Harpenden Building Society
- Company type: Building Society (Mutual)
- Industry: Banking Financial services
- Founded: 3 March 1953
- Headquarters: Harpenden, Hertfordshire, England
- Area served: United Kingdom
- Key people: Chairman - Stephen Richardson CEO - Richard Doe
- Products: Savings, Mortgages, Investments
- Net income: £1.0 million GBP (December 2015)
- Total assets: £307 million GBP (December 2015)
- Website: www.harpendenbs.co.uk

= Harpenden Building Society =

English building society

The Harpenden Building Society is an English building society, which has its Head Office in Harpenden, Hertfordshire.

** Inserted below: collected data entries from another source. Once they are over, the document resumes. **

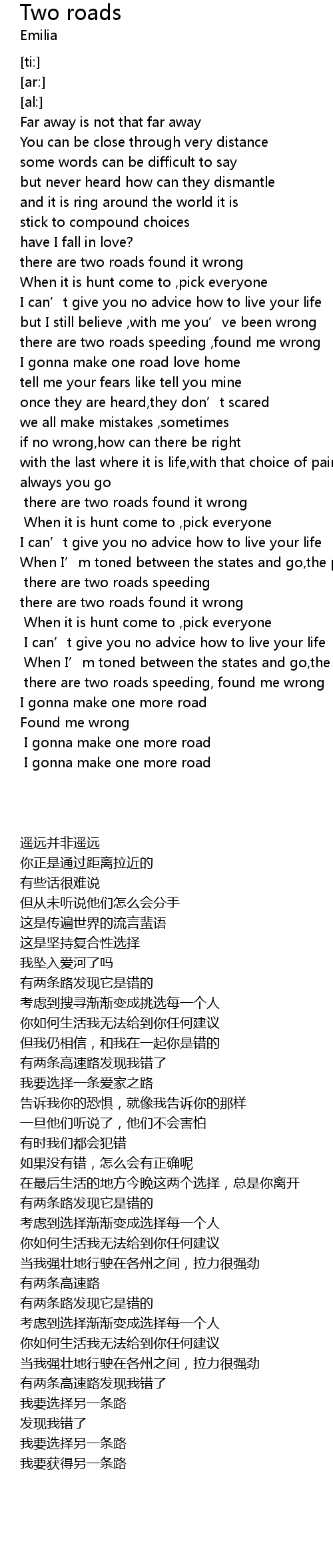 | [02:31.29] | there are two roads found it wrong |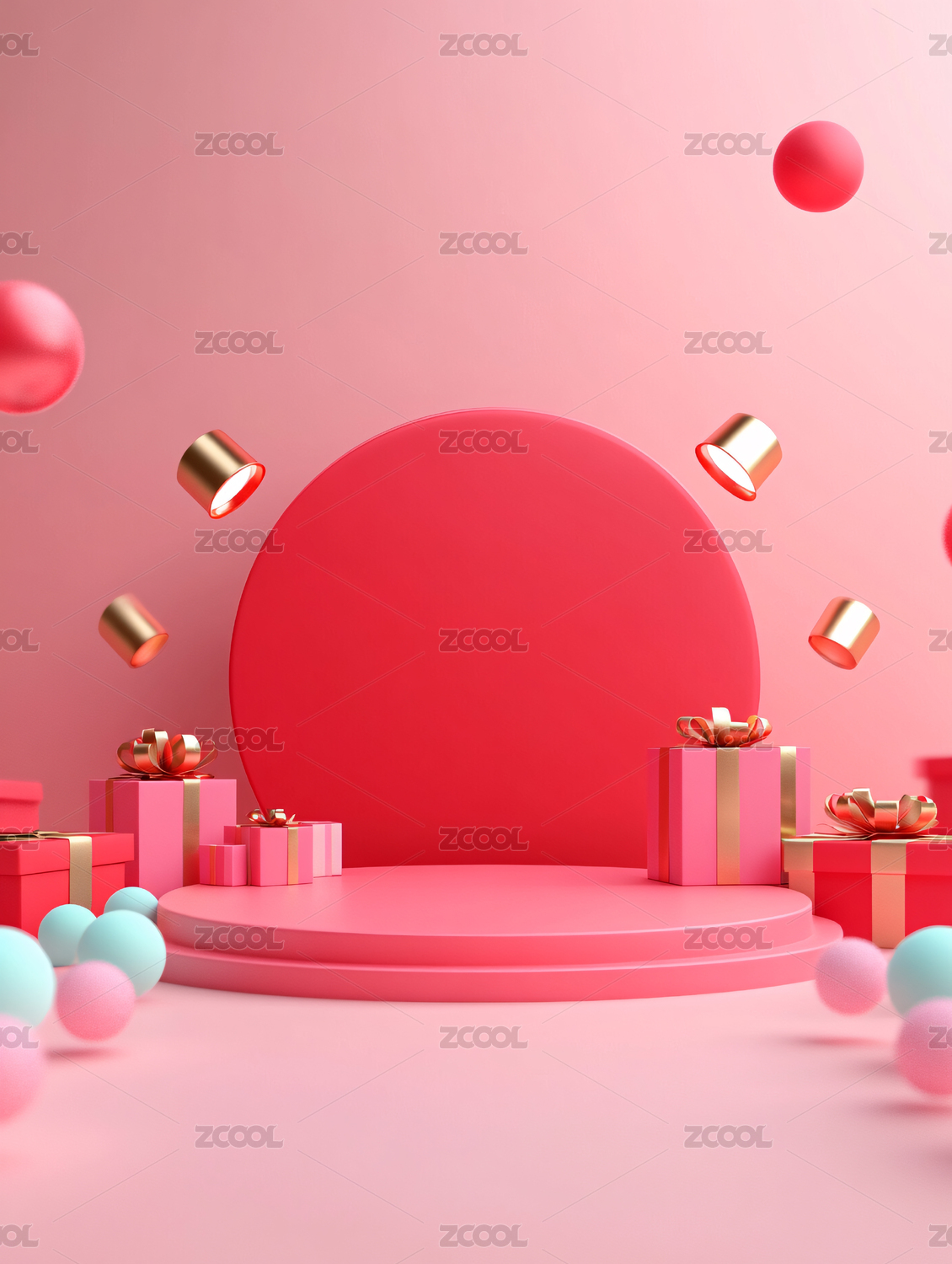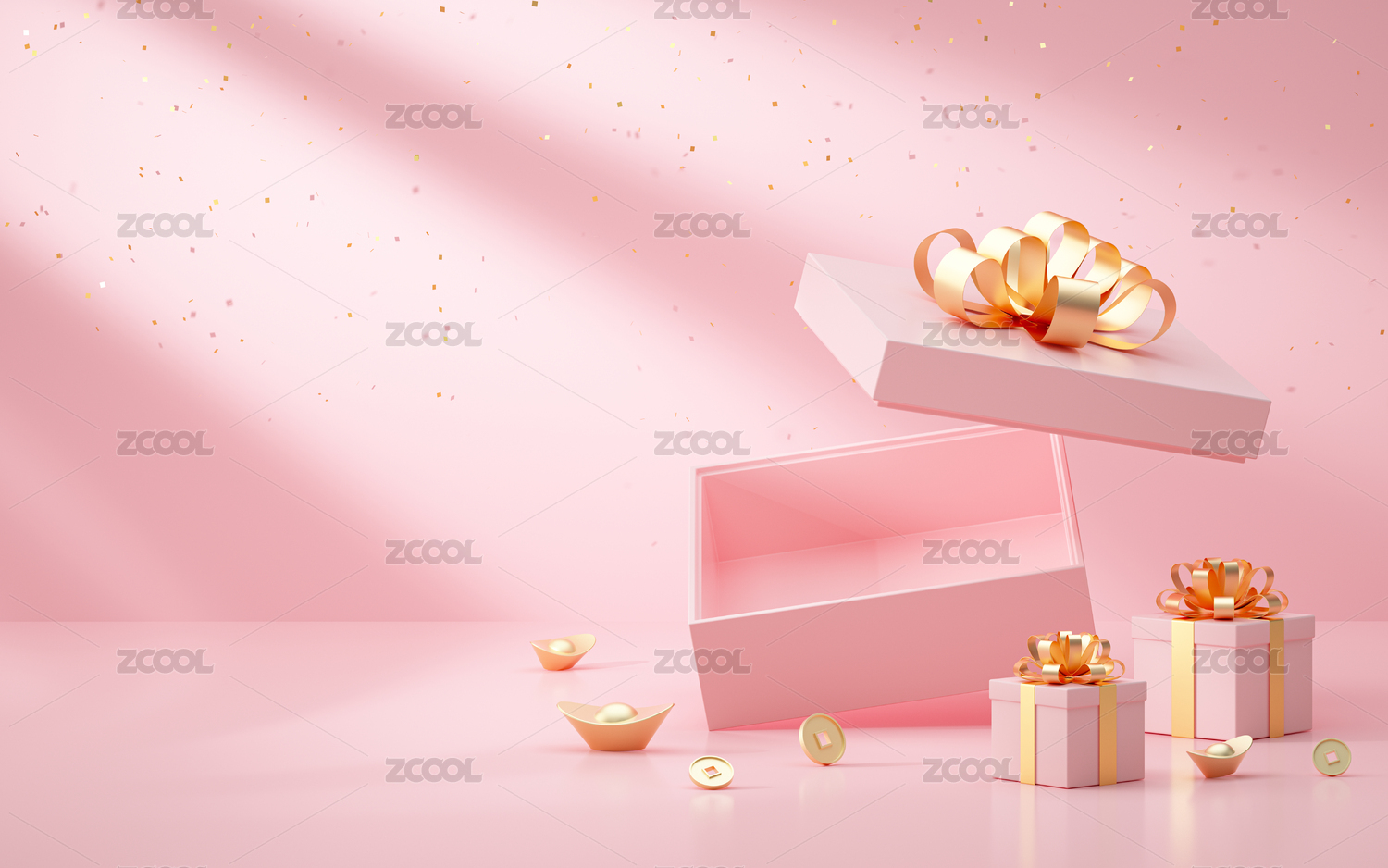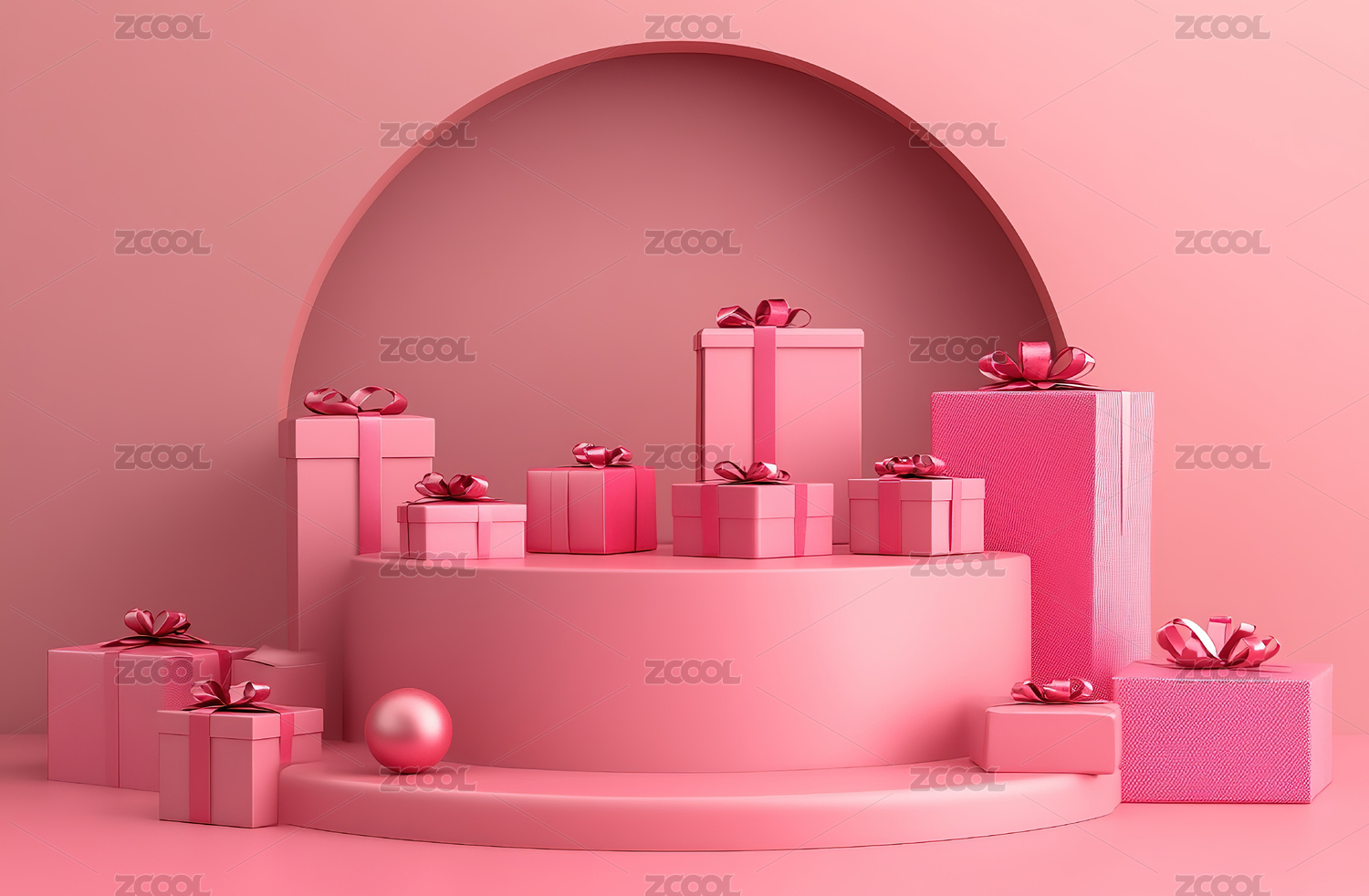 情人节粉色背景中的礼盒元素堆头图3D场景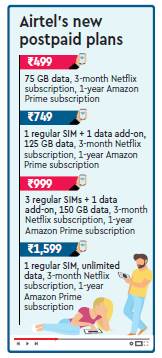 Netflix and Amazon Prime subscriptions will come with all the four Airtel postpaid plans.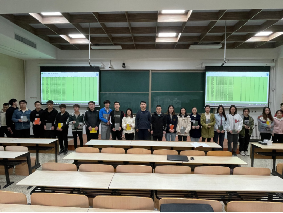 经过30分钟的认真作答,参赛同志都提交了自己的试卷。微电子本科二支部支委通过整理“微助教”后台成绩数据,评定出一等奖2名,二等奖5名,三等奖26名。随后,支部书记李伟同志和黄佛保同志为获奖同志颁发奖品并合影留念。

It is the 38th largest in the United Kingdom based on total assets of £315 million at 31 December 2017. It is a member of the Building Societies Association.

==History==
The society was formed in 1953. An agency office (now closed) was opened in Stopsley in Luton in 2008; in September 2010 a fourth branch opened in Wendover, with a fifth in Tring in January 2011 and sixth in Buckingham in March 2011. The Wendover and Buckingham branches were closed in 2020, explaining they were the "smallest and least utilised branches".

In 2015, 2016, and since 2017, each year it has won the What Mortgage Award for Best Local Building Society.

==Cultural references==
The Harpenden Building Society is mentioned in The Poems of Ewen McTeagle, in Monty Python's Big Red Book (1971).